使用 Jaeger 完成服务间的链路追踪

世上本没有路,走的人多了,便变成了路 -- 鲁迅

本次讨论的话题就是需要在各个服务之间踏出条"路",让 bug 有"路"可循。

至于为什么用 jaeger... 这个支持多语言方案算么?遵循 opentracing 规范算么?开箱即用算么?还有更多? 至于为什么遵循 opentracing 规范的好... 这个...杠精同学,文末地址可参考 🙃🙃🙃

反正先撸袖开干...

了解 Jaeger

Jaeger: open source, end-to-end distributed tracing
Jaeger: 开源的、分布式系统的端到端追踪
Monitor and troubleshoot transactions in complex distributed systems
在复杂的分布式系统之间做监控及问题排查的事务处理。

jaeger 体系和流程如下图


来看看各层信息:

jaeger-client (OpenTracing API 各语言的实现,用于在应用中塞入信息采集点)

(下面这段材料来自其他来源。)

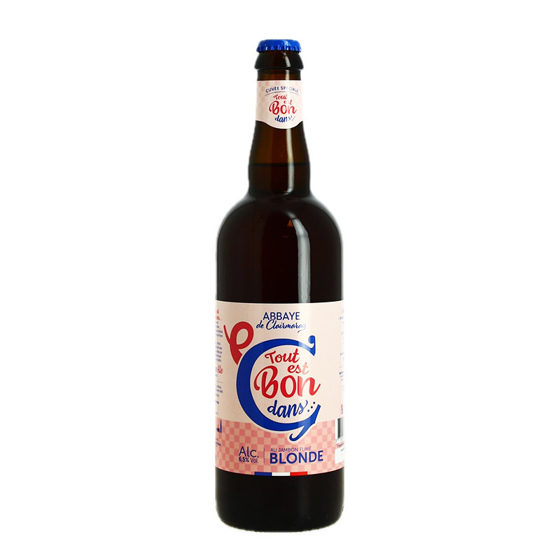 "Tout est Bon dans le Cochon" ( everything is good in the pig) from Clairmarais Abbey is a unique blond beer infused with smoked ham. This craft beer offers a singular taste experience, combining smoky notes and malty flavours. Ideal for lovers of bold beers and fine charcuterie.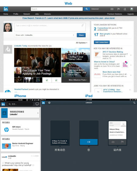 圖為 LinkedIn 的 Web、iPhone 和 iPad 版。 一、如何來規劃不同產品上的功能 在PC端有超大的屏幕,有鼠標和鍵盤靈活的交互形式,其功能往往比較復雜,用戶能通過鼠標指點的形式快速地完成各種任務。然而在PAD與手機端,屏幕能呈現的信息有限,交互形式也是精度相對較差的手勢形式,所有的這些都決定了在移動真個功能應該做減法。 對于新產品來說,移動優先或者是移動平等重要的產品規劃方式是及其重要的,獨立思索在移動端能呈現的功能和內容,讓設計師更清楚地看到產品的核心功能、內容,有利于設計師掌握產品的方向。甚至可以考慮將移動端優先于PC端,PC的功能在移動的功能基礎上去架構,它也不會脫離產品的核心價值。 PC 固有的特點在進行復雜功能操縱時會更有上風。那是不是復雜功能就直接轉移到 PC 上,而在手機上只展現簡樸功能呢?我覺得未必,要看產品的目標用戶和產品特點,有些產品用戶只更傾向于移動端使用,甚至還有些使用本產品的用戶都沒有 PC。因此,在考慮用戶特性的基礎上,優先規劃移動真個產品信息架構。假如有些功能覺得轉移到 PC 上衡量過沒有題目,那我覺得可以進行轉移,在移動端凸起最核心的功能給用戶,并保持界面簡潔。 對于老產品,像淘寶網這樣的產品,其 PC 端本身及其復雜。那在產品設計時,更多地思索在移動端用戶的使用情景和核心功能,先去知足最核心的功能,知足有手機特色和移動情景的功能。 二、設計上的差異在哪兒 當前的設計手法在各個平臺、各種形態上都有融合的趨勢,在Web真個設計也越來越客戶端化,很多Web App都讓人很難判定到底是HTML5做的仍是Native的。因此,在設計手法上的差異會越來越小。 然而,基于 PC、PAD、Phone的設備特性有較大的差異,PC 的指點操縱與PAD、Phone 的觸摸操縱有很大的不同,觸摸優先的設計原則對移動真個設計有較大的匡助。其次,用戶的設備的機能和網絡特征千差萬別,在設計時需要去思索各自用戶使用的環境。再次,多設備用戶,在使用產品時,如何進行設備間的切換,如何銜接不同設備的操縱而不被丟棄都是設計師需要考慮的題目。 對于WAP與Native的設計,主要關注瀏覽器的支持特性及Native上能施展的手機、各類傳感器的特性,這需要設計師拓寬思路去思索,好的設計能極大地晉升體驗。 三、設計上的策略有哪些 從PC端到移動真個Web設計時,響應式設計是提得最多的方法。且在很多公司都有良多實踐。在淘寶,梓佑(編者注:淘寶資深 UED 總監)之前也一直在推動響應式的設計,在一淘網、淘寶搜索等很多產品上都有實踐,總得來說對用戶體驗起到了積極的作用。 然而我們看到的響應式做得好的網站往往是結構相對簡樸的博客類、新聞類網站,這些頁面結構簡樸,響應規則輕易定制,前端實現也不復雜。而對于復雜的網頁的響應式設計,則都會碰到不少挑戰,淘寶資深設計師,樂乘,在做玩客項目時,總結了一套設計方案,值得參考。但是總的來說,復雜頁面是不是要使用響應式還值得探討。 對于PC與移動客戶端(App)的設計有何差異?成功移動客戶端產品往往是基于用戶任務與使用情景進行設計,施展了手機的特性,使原本PC的功能得到更好地彌補與晉升。如大眾點評中的LBS使用戶能快速地發現四周的店鋪;微博能快速地上傳即時拍攝的照片,能隨時隨地的查詢等。 那WAP與客戶真個上有什么側重呢?從使用情景上來講,這兩者是一致的。主要的側重有兩點,其一是兩者的流量原來往往不一致,根據流量來源來區分用戶的特征,基于用戶特征的不同來使兩者在產品上的不同。其二是WAP上一些限制和上風,WAP上有很多功能還無法實現,另外WAP有快速迭代的上風,也可以進行一些項目的試錯等。當然,當前WAP與客戶端也在融合,這也是一個方向,跟著HTML5等技術的成熟,兩者的融合是早晚的事情。 最后,移動互聯網的時代已經來臨,移動用戶的體量也會越來越超越PC,在進行產品設計時,思索移動平臺是必定的,如何能進行更好地全平臺設計,還有待業內人士更多地探討。記得幾年前,我非常信仰移動真個產品應該是PC的增補,現在看來完全不靠譜。像微信這樣的產品,PC真個設計純粹是移動真個增補,更多產品則根本沒有PC真個產品。因此,如何能進行全平臺的設計,也需要根據各自的產品特征、用戶特征、情景特征來決定,最大地施展產品的核心價值給目標用戶,這就成功了! |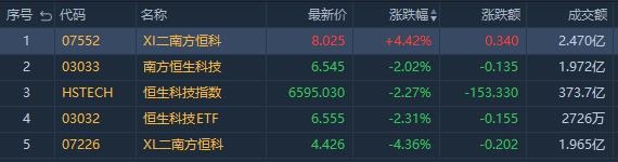 南方两倍做多恒科 $07226.HK 跌4.36%,成交额1.965亿港元;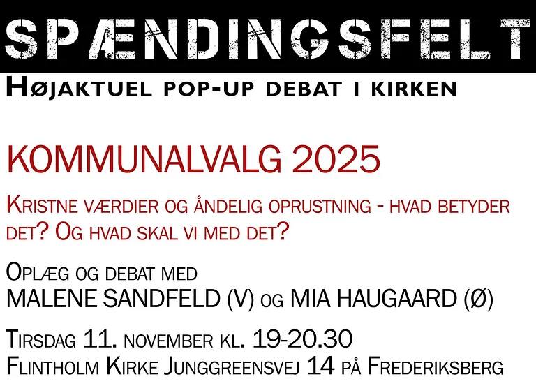 - Spændingsfelt ligger i regi af Folkekirken på Frederiksberg og er gratis at deltage i.
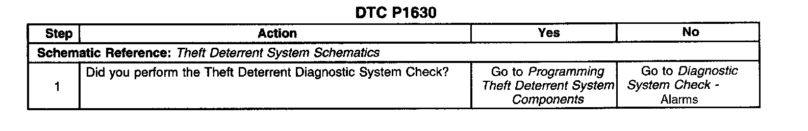 CIRCUIT DESCRIPTIONThe theft deterrent controller (VTD) module produces the theft deterrent fuel enable signal when ignition is ON and the proper transponder key value is detected. The Powertrain Control Module (PCM) monitors the fuel enable signal during crank. If the proper signal is present on the Class 2 Serial Data Circuit, the PCM enables the fuel delivery in order to allow the engine to start. If the PCM is replaced, the replacement PCM should learn the password within a few seconds after the ignition is turned ON. DTC P1630 is an information code indicating that the PCM is ready to learn the theft deterrent password. The engine starts and continues to run with DTC P1630 set.
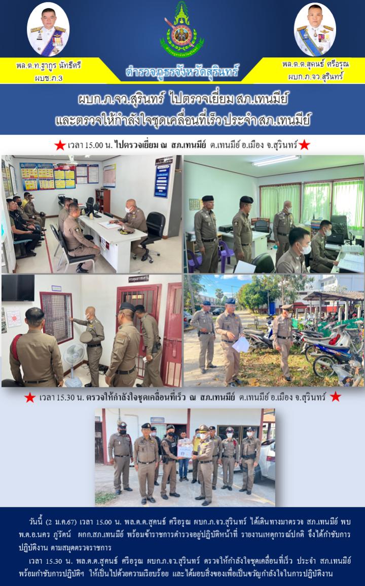 2 ม.ค. 2567 17:24:48ผบก.ภ.จว.สุรินทร์ ไปตรวจเยี่ยม สภ.เทนมีย์ และตรวจให้กำลังใจชุดเคลื่อนที่เร็ว ประจำ สภ.เทนมีย์ วันนี้ (2 ม.ค.67) เวลา 15.00 น. พล.ต.ต.สุคนธ์ ศรีอรุณ ผบก.ภ.จว.สุรินทร์ ได้เดินทางมาตรวจ สภ.เทนมีย์ พบ พ.ต.อ.นคร ภู่รัตน์ ผกก.สภ.เทนมีย์ พร้อมข้าราชการตำรวจอยู่ปฏิบัติหน้าที่ รายงานเหตุการณ์ปกติ จึงได้ก...
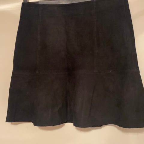 Selger dette flotte skjørtet fra H&M i svart cord. Størrelsen er 42, og den er ca 43/44 cm i midjen og ca 65 cm langt. Kjolen har glidelås på siden og en lett utsvingt fasong nederst. Så fint på, men dessverre blitt for lite. Skjørtet er laget av 98% bomull og 2% spandex. Underskjørtet er 100% polyester.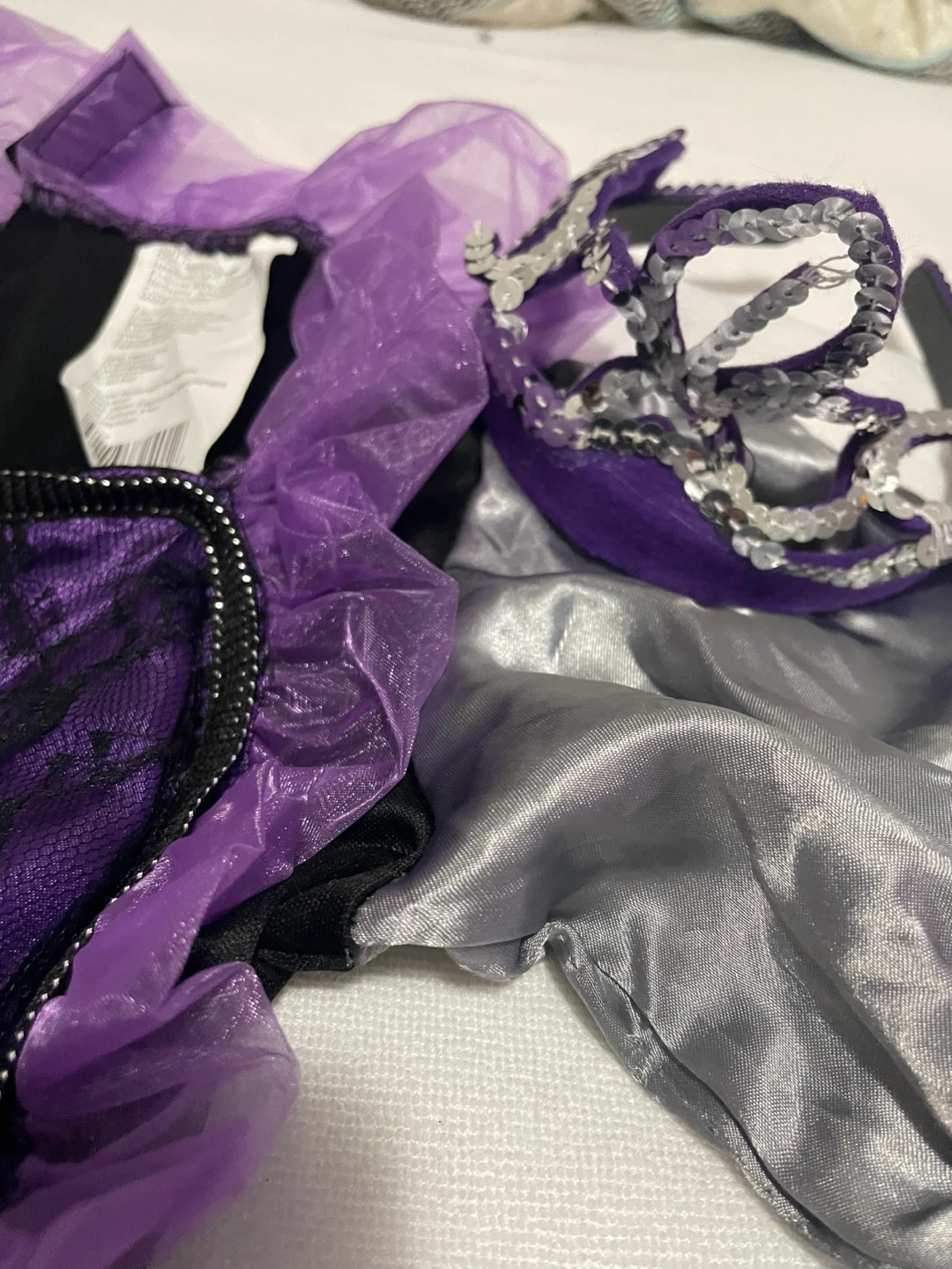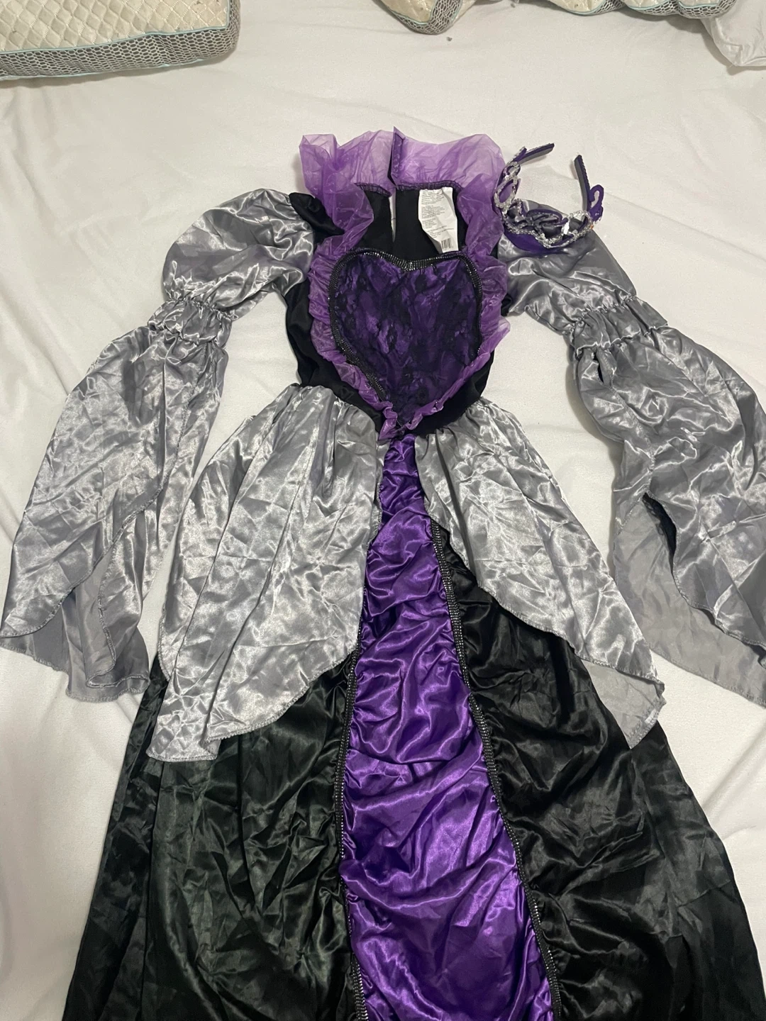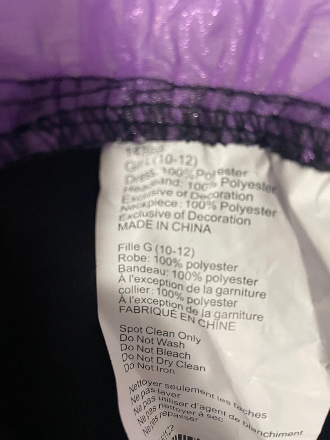 Selling a girl's costume, size 10-12. It's made of 100% polyester, exclusive of decoration. Includes a dress, headband. Used once size kids large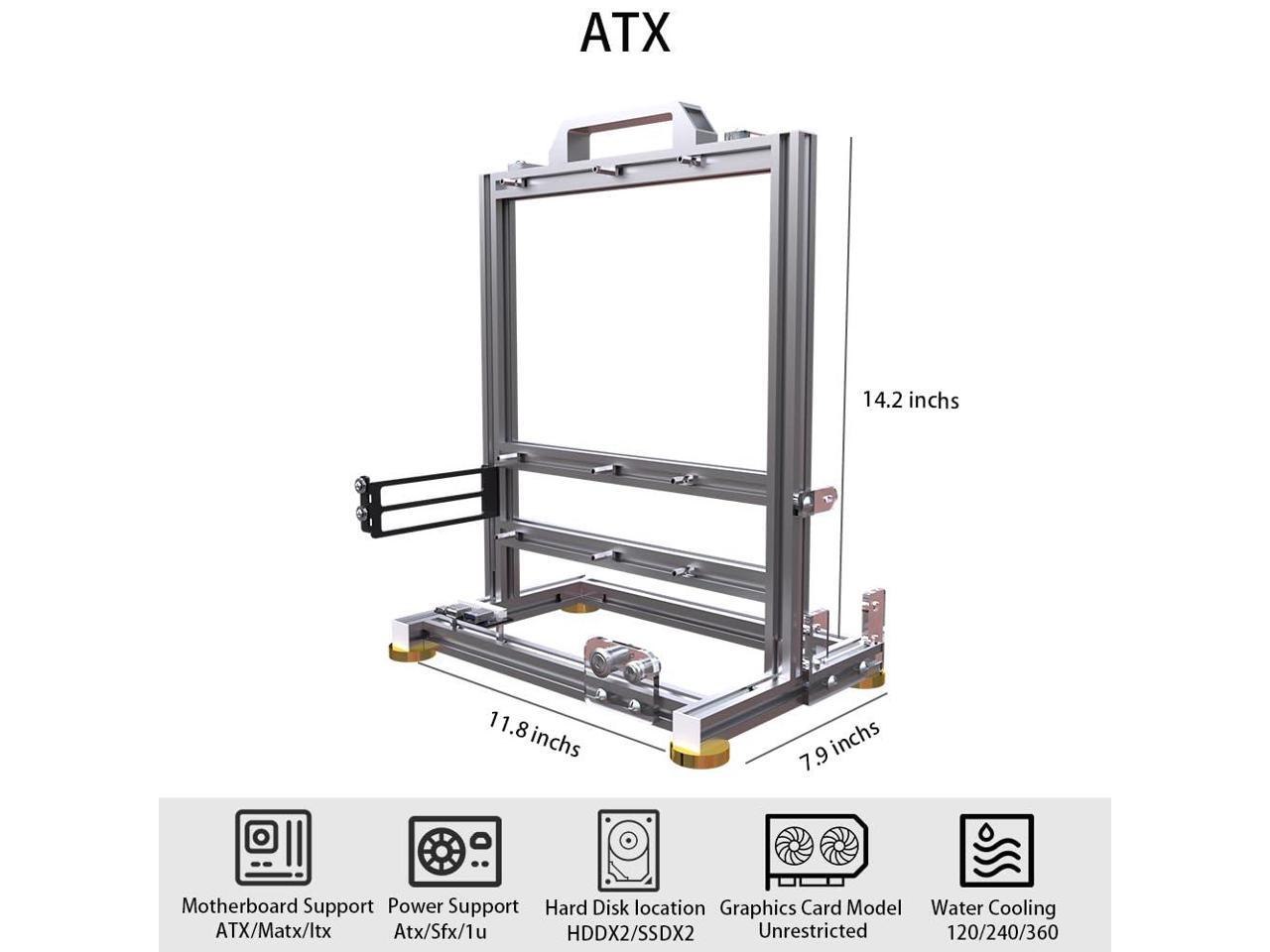 DIY Open Frame PC Chassis, Aluminum Computer Case, Supports ATX Motherboard, Excellent Cooling, Type-C Support

jaeger-agent (负责发送的进程,对 spans 进行处理并发送给 collector,监听 spans 的 UDP 发送。设计这层是为了作为基础组件部署到主机上,从 client 中抽象出了 collector 的发现和路由。注意:1.这层应该是部署在应用本地;2.如果配置报告的 endpoint,则直接将 spans 发送到 collector,不需要 agent。)

jaeger-collector (收集追踪 spans,并通过管道对追踪数据进行处理。当前的管道支持追踪的验证、索引、转换,最后存储数据)

data store (追踪信息的存储)

jaeger-query (从存储中检索追踪信息并通过 UI 展示)

jaeger-ui (UI 展示层,基于 React)

jaeger 的存储是可插拔组件,目前支持 Cassandra、ElasticSearch 和 Kafka。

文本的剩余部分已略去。